Since I’ve been thinking about deployment I’ve been thinking a lot more about what "configuration management" means, how it should work, what it should do.
I guess my quick summary of configuration management is that it is setting up a server correctly. "Correct" is an ambiguous term, but given that there are so many to configuration management the solutions are also ambiguous.
Silver Lining includes configuration management of a sort. It is very simple. Right now it is simply a bunch of files to rsync over, and one shell script (you can see the files here and the script here — at least until I move them and those links start 404ing). Also each "service" (e.g., a database) has a simple setup script. I’m sure this system will become more complicated over time, but it’s really simple right now, and I like that.
The other system I’ve been asked about the most about lately is Puppet. Puppet is a real configuration management system. The driving forces are very different: I’m just trying to get a system set up that is in all ways acceptable for web application deployment. I want one system set up for one kind of task; I am completely focused on that end, and I care about means only insofar as I don’t want to get distracted by those means. Puppet is for people who care about the means, not just the ends. People who want things to work in a particular way; I only care that they work.
That’s the big difference between Puppet and Silver Lining. The smaller difference (that I want to talk about) is "push" vs. "pull". Grig wrote up some notes on two approaches. Silver Lining uses a "push" system (though calling it a "system" is kind of overselling what it does) while Puppet is "pull". Basically Silver Lining runs these commands (from your personal computer):
$ rsync -r <silverlining>/server-files/serverroot/ root@server:/
$ ssh root@server "$(cat <silverlining>/server-files/update-server-script.sh)"
This is what happens when you run silver setup-node server: it pushes a bunch of files over to the server, and runs a shell script. If you update either of the files or the shell script you run silver setup-node again to update the server. This is "push" because everything is initiated by the "master" (in this case, the developer’s personal computer).
Puppet uses a pull model. In this model there is a daemon running on every machine, and these machines call in to the master to see if there’s any new instructions for them. If there are, the daemon applies those instructions to the machine it is running on.
Grig identifies two big advantages to this pull model:
- When a new server comes up it can get instructions from the master and start doing things.
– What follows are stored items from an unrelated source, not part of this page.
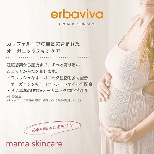 お腹まわりを中心とする、乾燥が気になるママのボディケアに最適なマッサージオイル。オーガニックキャロットシードオイル※を配合で、肌の柔軟性を高め、ハリとうるおいを与えます。夜のご使用がおすすめです。
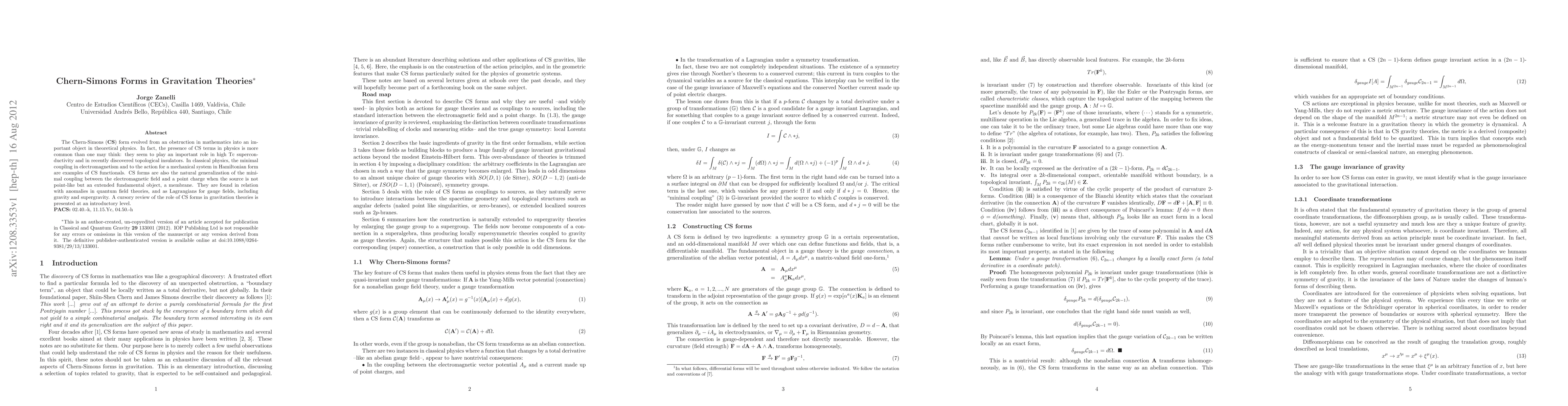 This paper provides an introductory review of Chern-Simons (CS) forms, tracing their evolution from mathematical obstructions to significant objects in theoretical physics, particularly in gravitation theories. It highlights their role in high Tc superconductivity, topological insulators, and as Lagrangians for gauge fields, including gravity and supergravity.
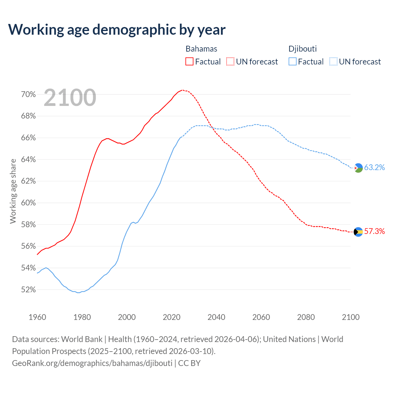 - The Bahamas has 285K working age adults (aged 15-64) vs 794K in Djibouti.
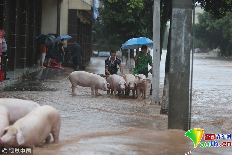 成都暴雨蒲江多处被淹 交警帮助养殖户转移猪群
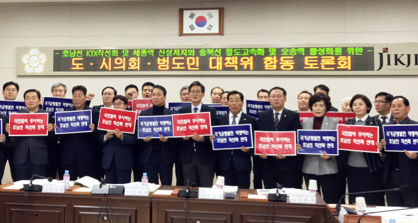 '충북도의회 충북선 철도 고속화사업 지원 및 KTX오송역 활성화를 위한 특별위원회'와 '청주시의회 KTX세종역 신설 반대 특별위원회', 'KTX세종역 신설 백지화를 위한 범도민비상대책위원회'는 14일 청주시의회 특별위원회 회의실에서 합동토론회를 열고 "호남선 KTX 직선화 및 세종역 신설을 백지화하라"는 내용의 공동성명서를 발표했다.
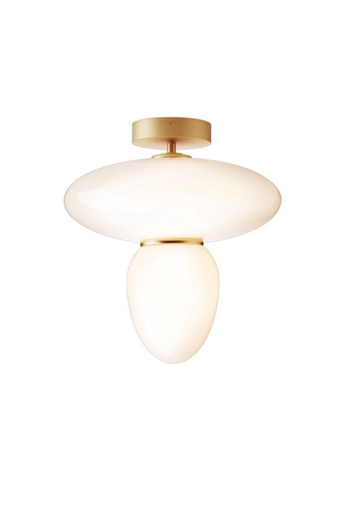 Светильник потолочный Rizzatto 42 Brass Opal от NUURA дает мягкий и равномерный свет, что делает его идеальным для спальни, кухни или коридора. Лампа монтируется прямо на потолок, что позволяет создать уникальное декоративное освещение потолка. Дизайн: Paolo Rizzatto.
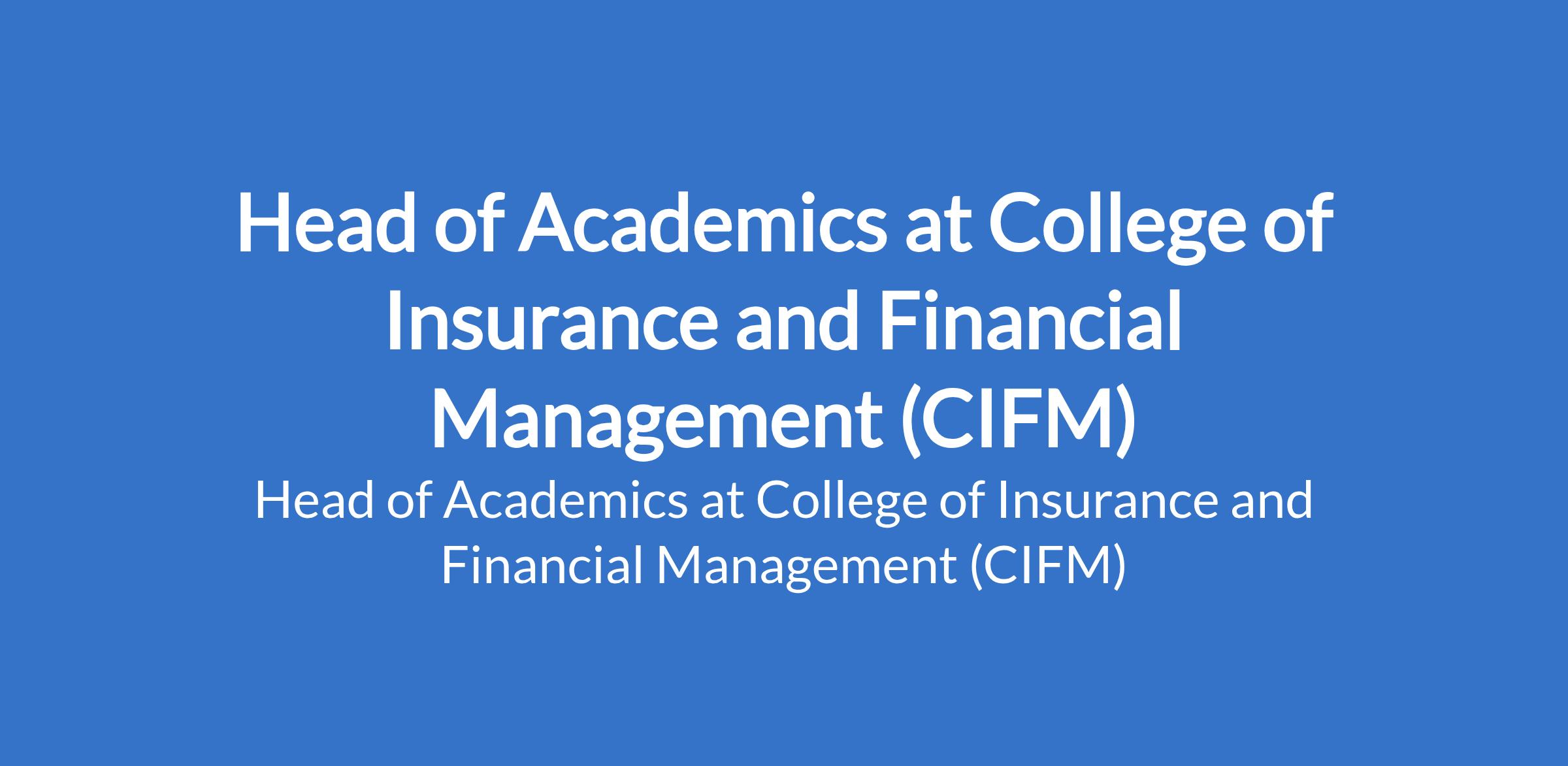 The College of Insurance and Financial Management (CIFM) is recruiting to fill the position of: Head of Academics. Interested candidates should possess a Masters or Doctorate in Insurance, Finance, Business Administration or related discipline with 1015 years of academic / industry experience.
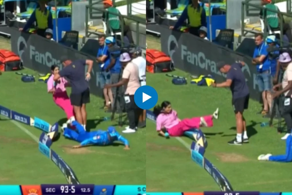 SA20 लीग में कल एक मजेदार दृश्य देखने को मिला जिसमें स्पोर्ट्स फील्ड की मशहूर एंकर जैनब अब्बास को फील्डर ने धक्का मार दिया जिसके बाद वह बाउंड्री लाइन पर ही गिर पड़ी। दरअसल, कल खेले गए मैच में जब सनराइजर्स ईस्टर्न केप टीम बल्लेबाजी कर रही थी और सनराइजर्स टीम के ऑलराउंडर मार्को जानसन ने फुल लेंथ गेंद पर एक शॉट खेला और गेंद बाउंड्री तरफ जा रही थी। इस दौरान फील्डर ने गेंद रोकने की कोशिश की और बाउंड्री लाइन पर खड़ी एंकर से जा टकरा गया और जैनब अब्बास तुरंत गिर पड़ी। हालांकि, जैनब अब्बास को कोई चोट नहीं आई है और वह एकदम सुरक्षित हैं।
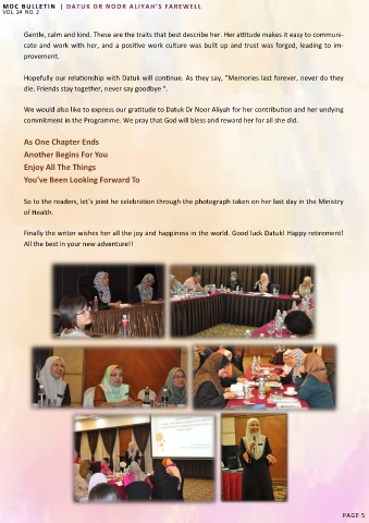 MDC BULLETIN | DATUK DR NOOR ALIYAH’S FAREWELL

You can’t push instructions to a server that isn’t there, and the server itself is most aware of when it is ready to do stuff.
- If a lot of servers come up, they can all do the setup work on their own, they only have to ask the master what to do.
But… I don’t buy either justification.
First: servers don’t just do things when they start up. To get this to work you have to create custom images with Puppet installed, and configured to know where the master is, and either the image or the master needs some indication of what kind of server you intended to create. All this is to avoid polling a server to see when it comes online. Polling a server is lame (and is the best Silver Lining can do right now), but avoiding polling can be done with something a lot simpler than a complete change from push to pull.
Second: there’s nothing unscalable about push. Look at those commands: one rsync and one ssh. The first is pretty darn cheap, and the second is cheap on the master and expensive on the remote machine (since it is doing things like installing stuff). You need to do it on lots of machines? Then fork a bunch of processes to run those two commands. This is not complicated stuff.
It is possible to write a push system that is hard to scale, if the master is doing lots of work. But just don’t do that. Upload your setup code to the remote server/slave and run it there. Problem fixed!
What are the advantages of push?
- Easy to bootstrap. A bare server can be setup with push, no customization needed. Any customization is another kind of configuration, and configuration should be automated, and… well, this is why it’s a bootstrap problem.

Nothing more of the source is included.